**TASK STATEMENT**. What you return must be the data below, word for word, without any images.

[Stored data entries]
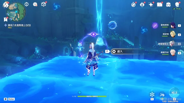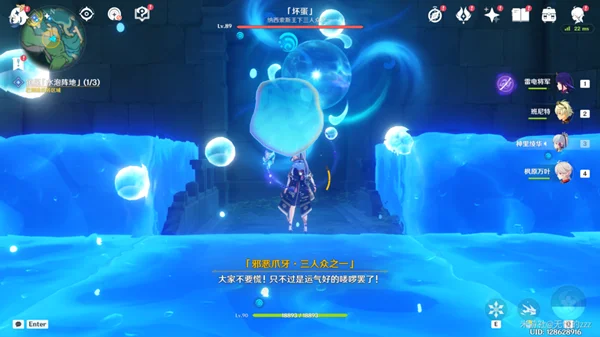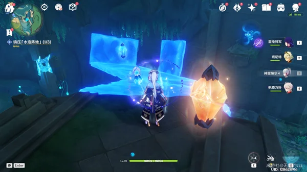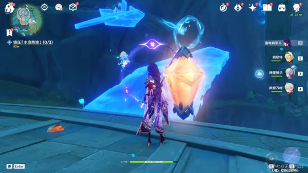 4.随后我们根据任务的指引,攻击前方的水晶,从而形成屏障,保护自身安全,因为被水泡击中,会返回原位
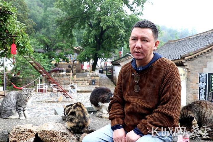 “猫村”负责人周合伟向记者介绍“猫村”情况。长城网·冀云客户端记者 高琳哲 摄
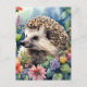 La carte postale présente un portrait animal sauvage d'un hérisson à gauche, entouré de nombreuses fleurs colorées. OEuvre botanique fleurie avec un petit mammifère épicé, populaire comme animal exotique !
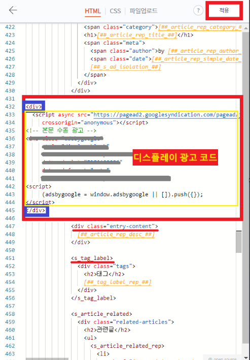 4) <s_tag_label>의 위쪽에 <divclass="entry-content">를 찾고 위쪽 빈공간에 복사한 디스플레이 광고 코드를 아래와 같이 <div>코드 사이에 "<div> 디스플레이 광고 코드 </div>"형태로 넣어준 다음 적용을 누른다.
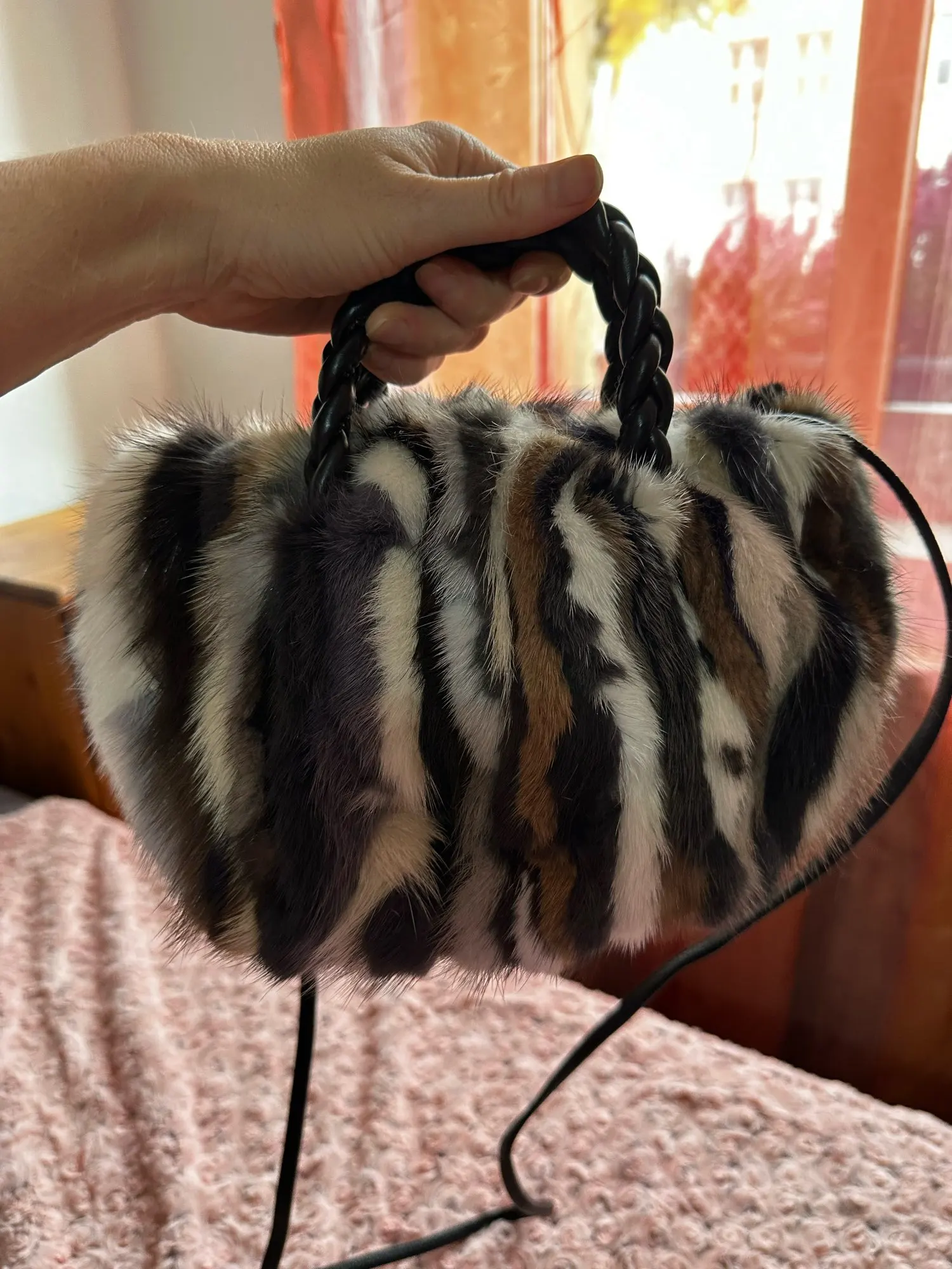The Lysarre Satchel evokes a quiet winter elegance, where natural tonal stripes meet a softened, voluminous silhouette. Its fur surface catches the light with a gentle sheen, creating a tactile rhythm that shifts with every movement. The braided handle adds sculptural dimension, balancing softness with a confident, modern form. Carried by hand or worn effortlessly at the side, the piece brings a refined warmth to seasonal dressing and offers a distinctive signature for women drawn to expressive, textural accessories.
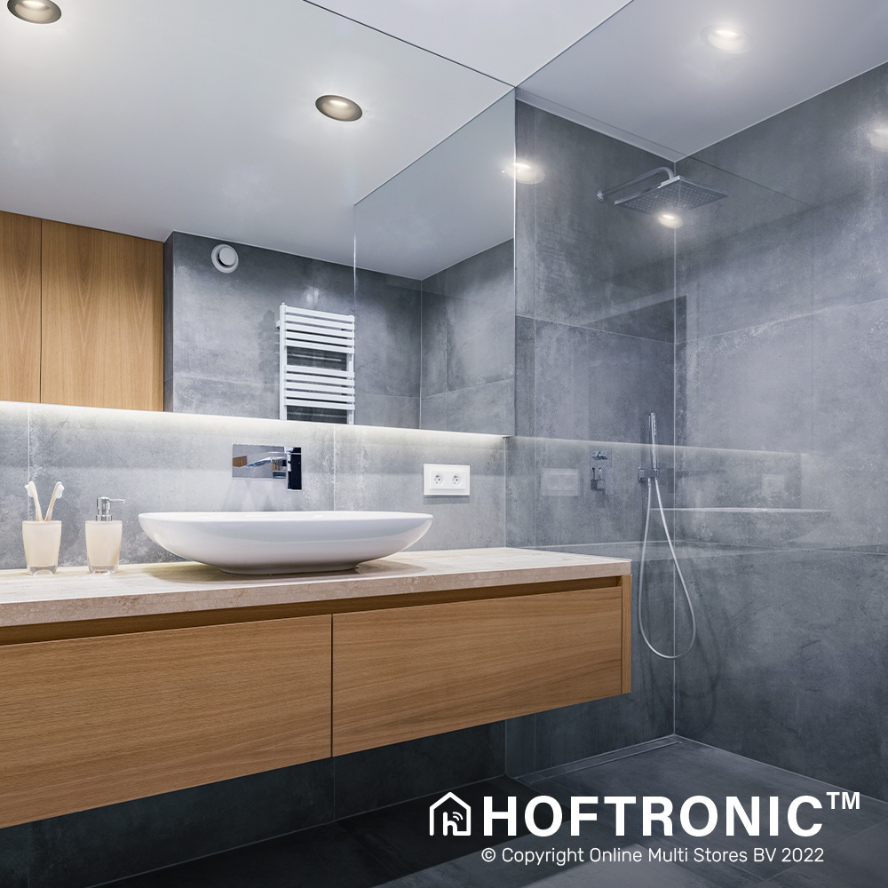 Thanks to the high IP rating, the recessed downlights are protected against moisture and dust. Suitable for bathrooms and porches, you can even mount them above the bath or shower.
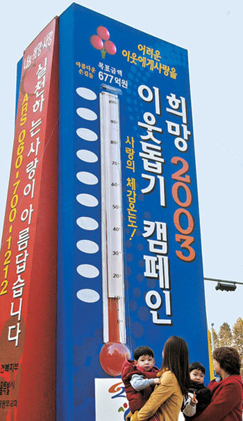 子どもを抱えた主婦たちが1日、ソウル市庁前の広場に立てられた「愛の体感温度塔」を見ている。ソウル市と社会福祉共同募金会が設置した塔は、2日から来年の1月31日まで、恵まれない人たちを助けるための募金が6億7700万ウォン集まるまで、募金が集まるたびに目盛りが1度ずつ上がっていく。目標額(677億ウォン)に達すれば100度になり、目標額を超過すればさらに目盛りが上がる。
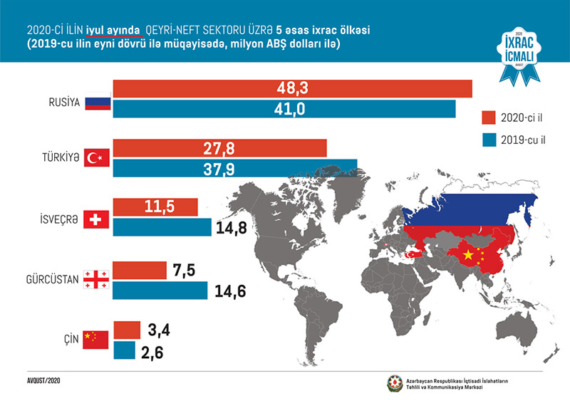 2019-cu ilin müvafiq dövrü ilə müqayisədə 2020-cu ilin 7 ayı ərzində Rusiyaya qeyri-neft ixracı 5,7 faiz, İsveçrəyə 21,9 faiz və Çinə 60,9 faiz artıb.
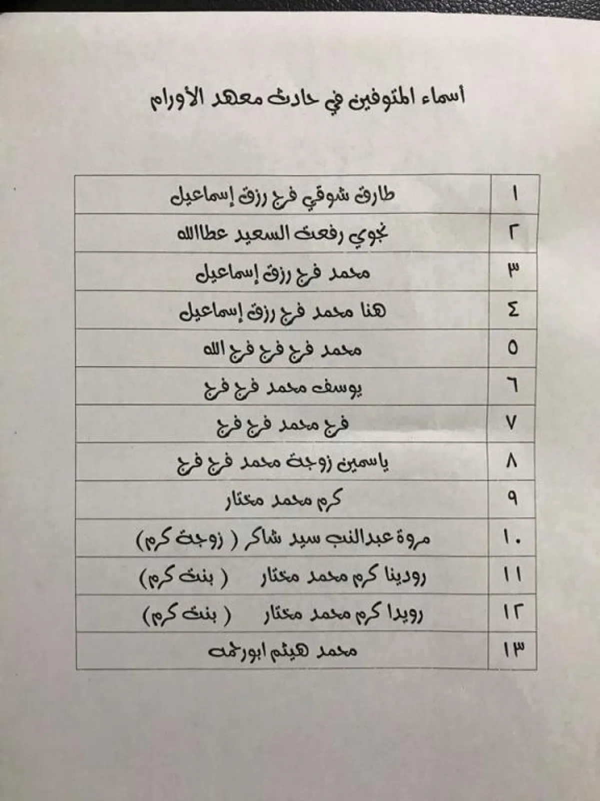 ومن ضمن الضحايا الـ17 أيضاً في الحادث عائلة سيد فرج، ويعمل بهيئة النقل العام فرع منطقة فم الخليج، وتوفي هو وزوجته وابنه الأكبر وحفيدته وكانوا جميعهم في الحافلتين.

**EXERCISE OUTPUT**.
 4.随后我们根据任务的指引,攻击前方的水晶,从而形成屏障,保护自身安全,因为被水泡击中,会返回原位
 “猫村”负责人周合伟向记者介绍“猫村”情况。长城网·冀云客户端记者 高琳哲 摄
 La carte postale présente un portrait animal sauvage d'un hérisson à gauche, entouré de nombreuses fleurs colorées. OEuvre botanique fleurie avec un petit mammifère épicé, populaire comme animal exotique !
 4) <s_tag_label>의 위쪽에 <divclass="entry-content">를 찾고 위쪽 빈공간에 복사한 디스플레이 광고 코드를 아래와 같이 <div>코드 사이에 "<div> 디스플레이 광고 코드 </div>"형태로 넣어준 다음 적용을 누른다.
The Lysarre Satchel evokes a quiet winter elegance, where natural tonal stripes meet a softened, voluminous silhouette. Its fur surface catches the light with a gentle sheen, creating a tactile rhythm that shifts with every movement. The braided handle adds sculptural dimension, balancing softness with a confident, modern form. Carried by hand or worn effortlessly at the side, the piece brings a refined warmth to seasonal dressing and offers a distinctive signature for women drawn to expressive, textural accessories.
 Thanks to the high IP rating, the recessed downlights are protected against moisture and dust. Suitable for bathrooms and porches, you can even mount them above the bath or shower.
 子どもを抱えた主婦たちが1日、ソウル市庁前の広場に立てられた「愛の体感温度塔」を見ている。ソウル市と社会福祉共同募金会が設置した塔は、2日から来年の1月31日まで、恵まれない人たちを助けるための募金が6億7700万ウォン集まるまで、募金が集まるたびに目盛りが1度ずつ上がっていく。目標額(677億ウォン)に達すれば100度になり、目標額を超過すればさらに目盛りが上がる。
 2019-cu ilin müvafiq dövrü ilə müqayisədə 2020-cu ilin 7 ayı ərzində Rusiyaya qeyri-neft ixracı 5,7 faiz, İsveçrəyə 21,9 faiz və Çinə 60,9 faiz artıb.
 ومن ضمن الضحايا الـ17 أيضاً في الحادث عائلة سيد فرج، ويعمل بهيئة النقل العام فرع منطقة فم الخليج، وتوفي هو وزوجته وابنه الأكبر وحفيدته وكانوا جميعهم في الحافلتين.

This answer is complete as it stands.